Agent Evaluation Framework

1. Intermediate Steps Evaluation Assesses the correctness of intermediate steps during agent execution:

  • Tool Use: Validates that the agent invoked the right tools with correct arguments at each step. See Tool Call Accuracy for implementation details.

  • Retriever Models: Assesses effectiveness of document retrieval pipelines using retriever metrics.

2. Final-Step Evaluation Evaluates the quality of the agent’s final output using:

  • Agent Goal Accuracy: Measures whether the agent successfully completed the requested task. See Agent Goal Accuracy.

  • Topic Adherence: Assesses how well the agent maintained focus on the assigned topic throughout the conversation. See Topic Adherence.

  • Custom Metrics: For domain-specific or custom evaluation criteria, use LLM-as-a-Judge with the data task type to evaluate agent outputs against custom metrics.

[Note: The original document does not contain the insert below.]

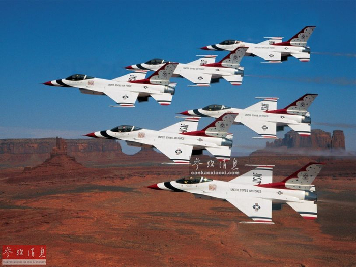 美空军“雷鸟”飞行表演队F-16战机进行密集编队表演。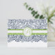 Navy Apple Green Grey Love Birds Wedding RSVP Card

3. Trajectory Evaluation Evaluates the agent’s decision-making process by analyzing the entire sequence of actions taken to accomplish a goal. This includes assessing whether the agent chose appropriate tools in the correct order. See Trajectory Evaluation for configuration details.

Prerequisites#

Before running Agentic evaluations, ensure you have:

  1. Workspace: Have a workspace created. All resources (metrics, secrets, jobs) are scoped to a workspace.

  2. Dataset: Your evaluation data uploaded to a fileset:

    • Upload your dataset to a fileset using the Hugging Face CLI or SDK

    • The dataset contains generated outputs from the model in the agentic workflow

    • The dataset must be in JSONL format

  3. Judge LLM (for most benchmarks): A deployed LLM to serve as the evaluation judge. Required for all benchmarks except Tool Call Accuracy. See Judge Configuration for setup details.

  4. API key secret (if judge requires auth): If your judge endpoint requires authentication, create a secret with your API key.

For details on dataset file management, see Managing Dataset Files.

Discover Industry Benchmarks#

Discover industry benchmarks available to use for your evaluation job within the system workspace. List all industry benchmarks or filter by label category.

Note

The system workspace is a reserved workspace for NeMo Microservices that contains ready-to-use benchmarks representing industry benchmarks with published datasets and metrics.

import os
from nemo_microservices import NeMoMicroservices

client = NeMoMicroservices(base_url=os.getenv("NMP_BASE_URL"), workspace="default")

# List all agentic benchmarks within system workspace
agentic_system_benchmarks = client.evaluation.benchmarks.list(workspace="system")

for benchmark in agentic_system_benchmarks.data:
    print(f"{benchmark.name}: {benchmark.description}")

Topic Adherence#

Measures topic focus in multi-turn conversations using LLM-as-a-Judge.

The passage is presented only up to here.